2016-04-09
Why your Ubuntu server stalls a while on boot if networking has problems
Yesterday I wrote on how to shoot yourself in the foot by making
a mistake in /etc/network/interfaces
.
I kept digging into this today, and so now I can tell you why this
happens and what you can do about it. The simple answer is that it
comes from /etc/init/failsafe.conf
.
What failsafe.conf
is trying to do is kind of hard to explain
without a background in Upstart (Ubuntu's 'traditional' init system).
A real System V init system is always in a 'runlevel', and this
drives what it does (eg it determines which /etc/rcN.d
directory
to process).

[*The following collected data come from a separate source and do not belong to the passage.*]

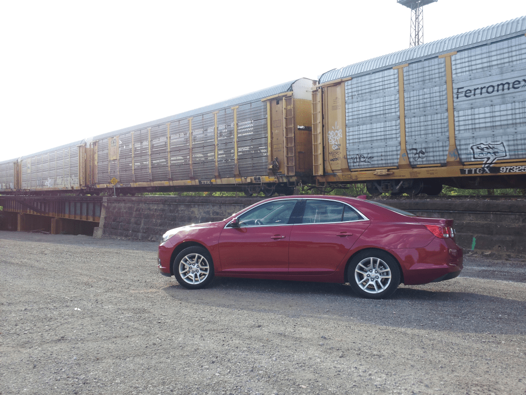 2013 Chevrolet Malibu Eco Side View Industrial Backdrop Freight Train
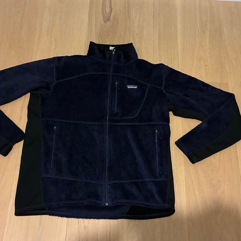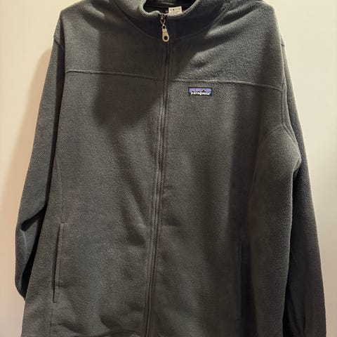 Patagonia Jakke i mørke blå fleece, herrestørrelse L. Jakken er laget av fleece materiale og er egnet for utendørs bruk.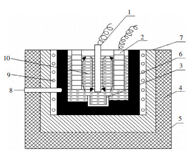 | 1.钨质阴极;2.石墨阳极;3.钼坩埚;4.保温材料;5.电解槽外壳;6.石墨坩埚;7.导电板;8.热电偶温度计;9.硅碳棒;10.熔体 图 1 试验装置示意图 |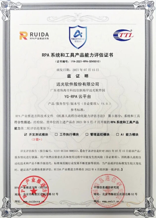 近日,由中国信息通信研究院(中国信通院)、云计算与大数据研究所(云大所)主办的“2021年可信AI成果发布会”在北京召开,大会重点发布了中国信通院RPA 系统和工具应用成熟度的评估结果。经中国信通院技术测试、专家评审等严格的测评流程,远光软件“YG-RPA云平台”通过了“RPA系统和工具产品能力评估”最高级别“3+”级的评测。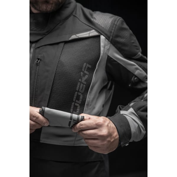 The Hydron is a structured puzzle that you can shuffle at will. The Hydrofex®membrane is elastic and the most important piece of the puzzle. The motorcycle jacket itself evidently has a wear and tear-resistant exterior in 750 D Tactel®, delivering a robust outer layer. Robust, because it was provided with double layers of 750 D Tactel® where needed.

Upstart sort of half abandons runlevels; they are not
built into Upstart itself and some /etc/init
jobs don't use them,
but there's a standard Upstart event to set the runlevel and
many /etc/init
jobs are started and stopped based on this runlevel
event.
Let's simplify that: Upstart's runlevel stuff is a way of avoiding
specifying real dependencies for /etc/init
jobs and handling them
for /etc/rcN.d
scripts. Instead jobs can just say 'start on
runlevel [2345]
' and get started once the system has finished its
basic boot processing, whatever that is and whatever it takes.
Since the Upstart runlevel is not built in, something must generate
an appropriate 'runlevel N' event during boot at an appropriate
time. That thing is /etc/init/rc-sysinit.conf
, which in turn
must be careful to run only at some appropriate point in Upstart's
boot process, once this basic boot processing is done. When is basic
boot processing done? Well, the rc-sysinit.conf
answer is 'when
filesystems are there and static networking is up', by in Upstart
terms means when the filesystem(7)
and static-network-up
upstart events
are emitted by something.
So what happens if networking doesn't come fully up, for instance
if your /etc/network/interfaces
has a mistake in it? If Upstart
left things as they were, your system would just hang in early boot;
rc-sysinit.conf
would be left waiting for an Upstart event that
would never happen. This is what failsafe.conf
is there for. It
waits a while for networking to come up, and if that doesn't happen
it emits a special Upstart event that tells rc-sysinit.conf
to
go on anyways.
In the abstract this is a sensible idea. In the concrete, failsafe.conf
has a number of problems:
- the timeout is hardcoded, which means that it's guaranteed to
be too long for some people and probably not long enough for
others.
- it doesn't produce any useful messages when it has to delay,
and if you're not using Plymouth
it's totally silent. Servers typically don't run Plymouth.
- Upstart as a whole has a very inflexible view of what 'static
networking is up' means. It apparently requires that every 'auto'
interface listed in
/etc/network/interfaces
both exist and have link signal (have a cable plugged in and be connected to something); see eg this bug and this bug. You don't get to say 'proceed even without link signal' or 'this interface is optional' or the like.
For Ubuntu versions that use Upstart, you can fix this by changing
/etc/init/failsafe.conf
to shorten the timeouts and print out
actual messages (anything you output with eg echo
will wind up
on the console). We're in the process of doing this locally; I
opted to print out a rather verbose message for my usual reasons.
Of course, all of this is going to be inapplicable in the upcoming
Ubuntu 16.04, since Ubuntu switched from Upstart to systemd as of
15.04 (cf).
However Ubuntu has put something similar to failsafe.conf
into their systemd setup and thus I expect that we'll wind up making
similar modifications to it in some way.
(A true native systemd setup has a completely different and generally more granular way of handling failures to bring up networking, but I don't expect Ubuntu to make that big of a change any time soon.)